TASK OBJECTIVE –
Once the pictures are set aside, print the records that follow exactly as written.

Data items
>>>

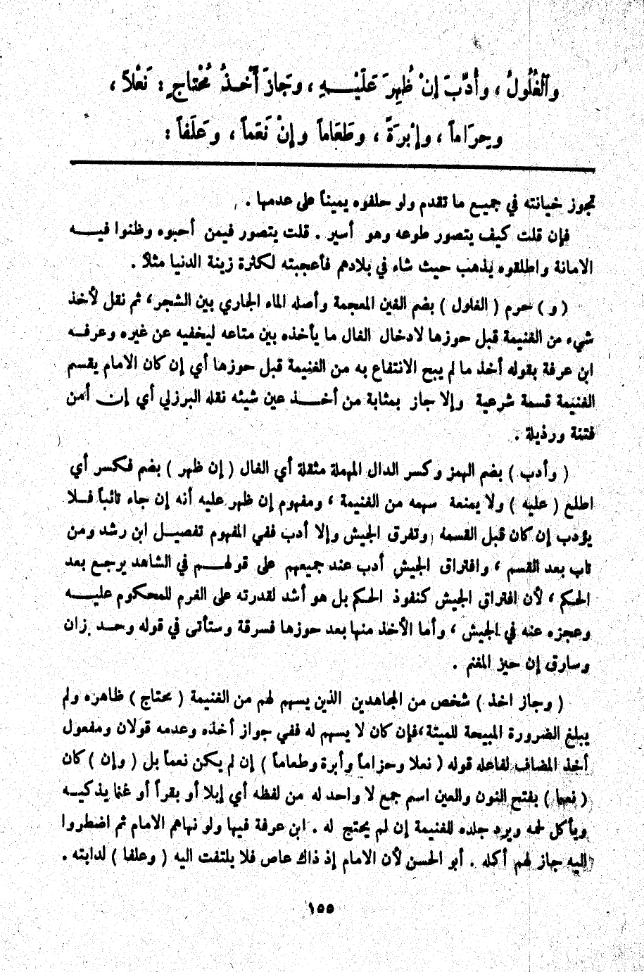 (وَجَازَ أَخْذُ) شَخْصٍ مِنْ الْمُجَاهِدِينَ الَّذِينَ يُسْهَمُ لَهُمْ مِنْ الْغَنِيمَةِ (مُحْتَاجٍ) ظَاهِرُهُ وَلَمْ يَبْلُغْ الضَّرُورَةَ الْمُبِيحَةَ لِلْمَيْتَةِ، فَإِنْ كَانَ لَا يُسْهَمُ لَهُ فَفِي جَوَازِ أَخْذِهِ وَعَدَمِهِ قَوْلَانِ وَمَفْعُولُ أَخْذٍ الْمُضَافُ لِفَاعِلِهِ قَوْلُهُ (نَعْلًا وَحِزَامًا وَإِبْرَةً وَطَعَامًا) إنْ لَمْ يَكُنْ نَعَمًا بَلْ (وَإِنْ) كَانَ (نَعَمًا) بِفَتْحِ النُّونِ وَالْعَيْنِ اسْمُ جَمْعٍ لَا وَاحِدَ لَهُ مِنْ لَفْظِهِ أَيْ إبِلًا أَوْ بَقَرًا أَوْ غَنَمًا يُذَكِّيهِ وَيَأْكُلُ لَحْمَهُ وَيَرُدُّ جِلْدَهُ لِلْغَنِيمَةِ إنْ لَمْ يَحْتَجْ لَهُ. ابْنُ عَرَفَةَ فِيهَا وَلَوْ نَهَاهُمْ الْإِمَامُ ثُمَّ اضْطَرُّوا إلَيْهِ جَازَ لَهُمْ أَكْلُهُ. أَبُو الْحَسَنِ؛ لِأَنَّ الْإِمَامَ إذْ ذَاكَ عَاصٍ فَلَا يُلْتَفَتُ إلَيْهِ (وَعَلَفًا) لِدَابَّتِهِ.
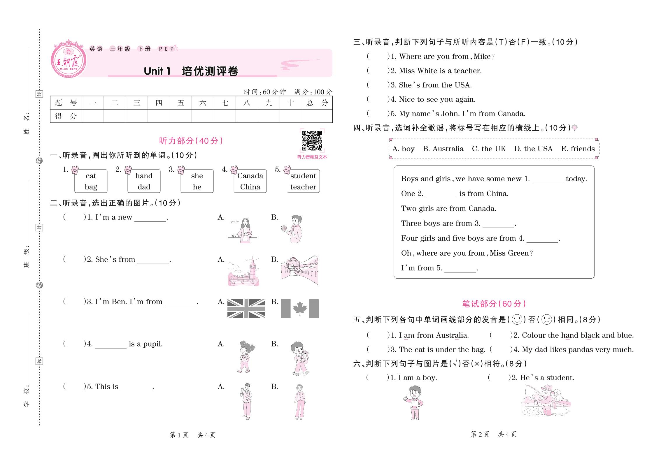 2021下册三年级英语PEP版 Unit 1 培优测评卷
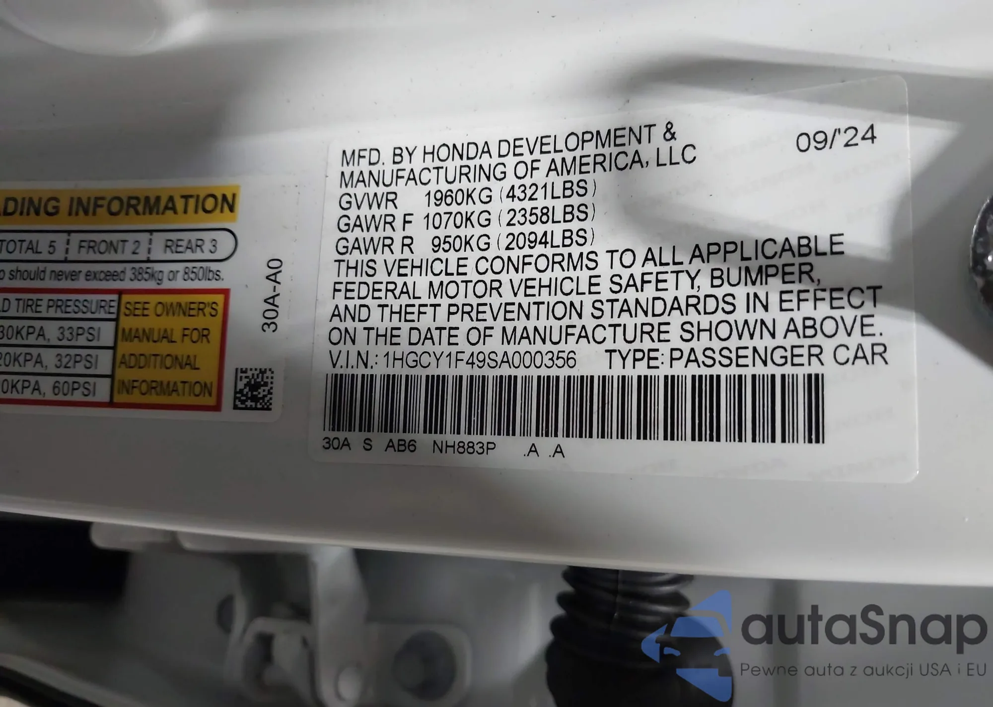 VIN: 1HGCY1F49SA000356
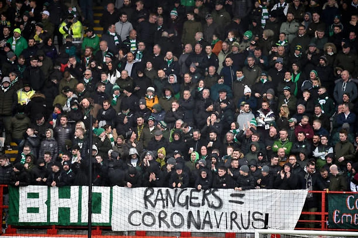 Также поступали и некоторые другие посетители английских стадионов на минувших выходных – правда, в основном это были как раз-таки азиаты. Но некоторые фанаты усмотрели в коронавирусе неплохую причину для глума над своими врагами. Так фанаты шотландского "Селтика" во время гостевой игры против "Гамильтона" высмеяли своих врагов из "Рейнджерс", сравнив их с распространением вредоносной бактерии.
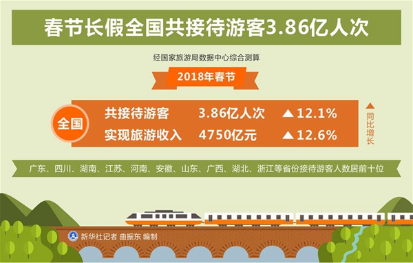 图表:春节长假全国共接待游客3.86亿人次 新华社记者 曲振东编制
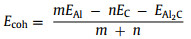 Al2C nanosheets are two-dimensional layered semiconductors with an indirect bandgap of 1.05 eV and two kinds of bond lengths corresponding to 1.965 and 2.570 Å for C-Al and Al-Al bonds in the absence of an applied electric field (Figs. 1a and b) as previously studied in the literature, respectively. In addition, the structure of Al2C is characterized by two types of rings, C2Al2 tetrads, and C2Al4 hexads. The stability of the structure under electric field needs to be verified before the gas adsorption test, so the Al2C structure was selected in the electric field range from −0.005 a.u. to 0.005 a.u. The stability of Al2C under electric field is discussed in terms of energy, kinetic and thermodynamic stability. The energy stability is illustrated by the following equation for the cohesive energy:
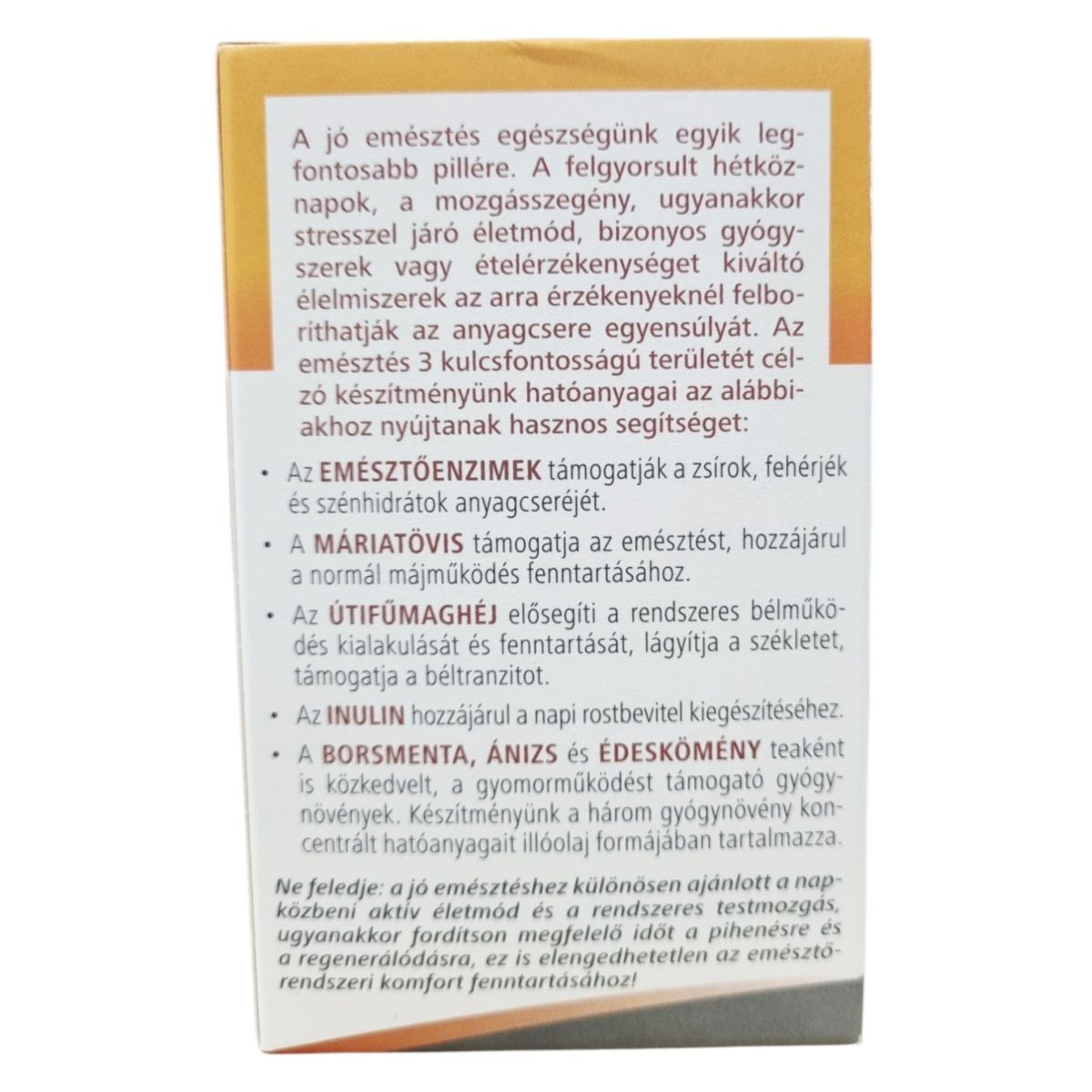 Zselatin; tömegnövelő szer: mikrokristályos cellulóz; útifű (Plantago ovata) maghéj őrlemény; Máriatövis (Silybum marianum) terméskivonat; csomósodást gátló anyagok: kalcium-hidrogén-foszfát, talkum, szilícium-dioxid, sztearinsav, maltodextrin; papain (Carica papaya gyümölcsből), alfa-amiláz (Aspergillus oryzae), bromelain (Ananas comosus gyümölcsből), laktáz (Aspergillus oryzae), celluláz (Trichoderma reesei), semleges proteáz (Bacillus licheniformis), lipáz (Aspergillus oryzae); borsmenta (Mentha x piperita) illóolaj; édeskömény (Foeniculum vulgare) illóolaj; ánizs (Pimpinella anisum) illóolaj.

<<<

ANSWER SPACE –
 (وَجَازَ أَخْذُ) شَخْصٍ مِنْ الْمُجَاهِدِينَ الَّذِينَ يُسْهَمُ لَهُمْ مِنْ الْغَنِيمَةِ (مُحْتَاجٍ) ظَاهِرُهُ وَلَمْ يَبْلُغْ الضَّرُورَةَ الْمُبِيحَةَ لِلْمَيْتَةِ، فَإِنْ كَانَ لَا يُسْهَمُ لَهُ فَفِي جَوَازِ أَخْذِهِ وَعَدَمِهِ قَوْلَانِ وَمَفْعُولُ أَخْذٍ الْمُضَافُ لِفَاعِلِهِ قَوْلُهُ (نَعْلًا وَحِزَامًا وَإِبْرَةً وَطَعَامًا) إنْ لَمْ يَكُنْ نَعَمًا بَلْ (وَإِنْ) كَانَ (نَعَمًا) بِفَتْحِ النُّونِ وَالْعَيْنِ اسْمُ جَمْعٍ لَا وَاحِدَ لَهُ مِنْ لَفْظِهِ أَيْ إبِلًا أَوْ بَقَرًا أَوْ غَنَمًا يُذَكِّيهِ وَيَأْكُلُ لَحْمَهُ وَيَرُدُّ جِلْدَهُ لِلْغَنِيمَةِ إنْ لَمْ يَحْتَجْ لَهُ. ابْنُ عَرَفَةَ فِيهَا وَلَوْ نَهَاهُمْ الْإِمَامُ ثُمَّ اضْطَرُّوا إلَيْهِ جَازَ لَهُمْ أَكْلُهُ. أَبُو الْحَسَنِ؛ لِأَنَّ الْإِمَامَ إذْ ذَاكَ عَاصٍ فَلَا يُلْتَفَتُ إلَيْهِ (وَعَلَفًا) لِدَابَّتِهِ.
 2021下册三年级英语PEP版 Unit 1 培优测评卷
 VIN: 1HGCY1F49SA000356
 Также поступали и некоторые другие посетители английских стадионов на минувших выходных – правда, в основном это были как раз-таки азиаты. Но некоторые фанаты усмотрели в коронавирусе неплохую причину для глума над своими врагами. Так фанаты шотландского "Селтика" во время гостевой игры против "Гамильтона" высмеяли своих врагов из "Рейнджерс", сравнив их с распространением вредоносной бактерии.
 图表:春节长假全国共接待游客3.86亿人次 新华社记者 曲振东编制
 Al2C nanosheets are two-dimensional layered semiconductors with an indirect bandgap of 1.05 eV and two kinds of bond lengths corresponding to 1.965 and 2.570 Å for C-Al and Al-Al bonds in the absence of an applied electric field (Figs. 1a and b) as previously studied in the literature, respectively. In addition, the structure of Al2C is characterized by two types of rings, C2Al2 tetrads, and C2Al4 hexads. The stability of the structure under electric field needs to be verified before the gas adsorption test, so the Al2C structure was selected in the electric field range from −0.005 a.u. to 0.005 a.u. The stability of Al2C under electric field is discussed in terms of energy, kinetic and thermodynamic stability. The energy stability is illustrated by the following equation for the cohesive energy:
 Zselatin; tömegnövelő szer: mikrokristályos cellulóz; útifű (Plantago ovata) maghéj őrlemény; Máriatövis (Silybum marianum) terméskivonat; csomósodást gátló anyagok: kalcium-hidrogén-foszfát, talkum, szilícium-dioxid, sztearinsav, maltodextrin; papain (Carica papaya gyümölcsből), alfa-amiláz (Aspergillus oryzae), bromelain (Ananas comosus gyümölcsből), laktáz (Aspergillus oryzae), celluláz (Trichoderma reesei), semleges proteáz (Bacillus licheniformis), lipáz (Aspergillus oryzae); borsmenta (Mentha x piperita) illóolaj; édeskömény (Foeniculum vulgare) illóolaj; ánizs (Pimpinella anisum) illóolaj.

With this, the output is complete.